Empfehlung: Jacaszek

Auch wenn strahlender Sonnenschein sich nicht gerade als größter Auslöser von Traurigkeit und Einsamkeit erweist, sei an dieser Stelle auf einen unglaublich eigenständigen, innovativen, famosen Künstler namens Michal Jacaszek aufmerksam gemacht, dessen Töne wohl am ehesten im Nebel eines Friedhofs oder einer einsamen Stadt ihre volle Entfaltung erlangen. Auf intensive, fast schon mystische Weise zieht einen sein neuestes Werk „Treny“ von Anfang an in den Bann und erzeugt eine höchst eigene, seltene Stimmung, die das Hörerlebnis zu einer  besonderen Erfahrung werden lässt. Der aus Danzig stammende Jacaszek spielt mit einer Reihe von unbehaglichen Gefühlen, die in Verbindung mit der auch von Burial bekannten – allerdings hier deutlich eher Richtung Ambient gehenden – Nachtstimmung so viel Nachdruck erzeugt, dass man selbst Stunden später noch Teile dieses ungewöhnlichen Gemütszustandes in sich trägt.
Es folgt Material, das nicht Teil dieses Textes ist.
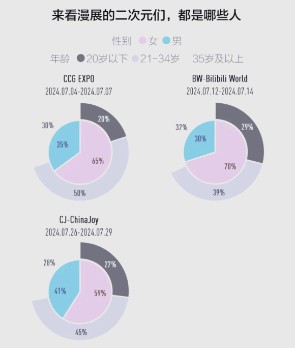 2020 年之后,女性逐渐成为漫展的主要受众,并在各类综合性漫展中占据主力位置。据第一财经报道,2024年BW的游客中,女性占比高达70%。

Und auch wenn es anscheinend schon das fünfte Album des Polen ist, kommen wir nicht drum herum, solch großartige Musik mit dem Prädikat „Empfehlung“ zu versehen. Wer Teil dieser „Grenzerfahrung“ werden möchte, der kann hier in drei komplette Songs von „Treny“ reinhören und sich bei Bedarf an dieser Stelle auf weitere Informationen und kostenlose Downloads dieses Ausnahme-Musikers freuen. Nur solltet Ihr mit dem ersten Hören waten, bis es dunkel wird!

Ein Kommentar zu “Empfehlung: Jacaszek”

  1. Bastian sagt:

    Fantastisches Album, der Vergleich mit Burial trifft’s genau, die gleiche Stimmung wenn auch mit völlig anderen Mitteln.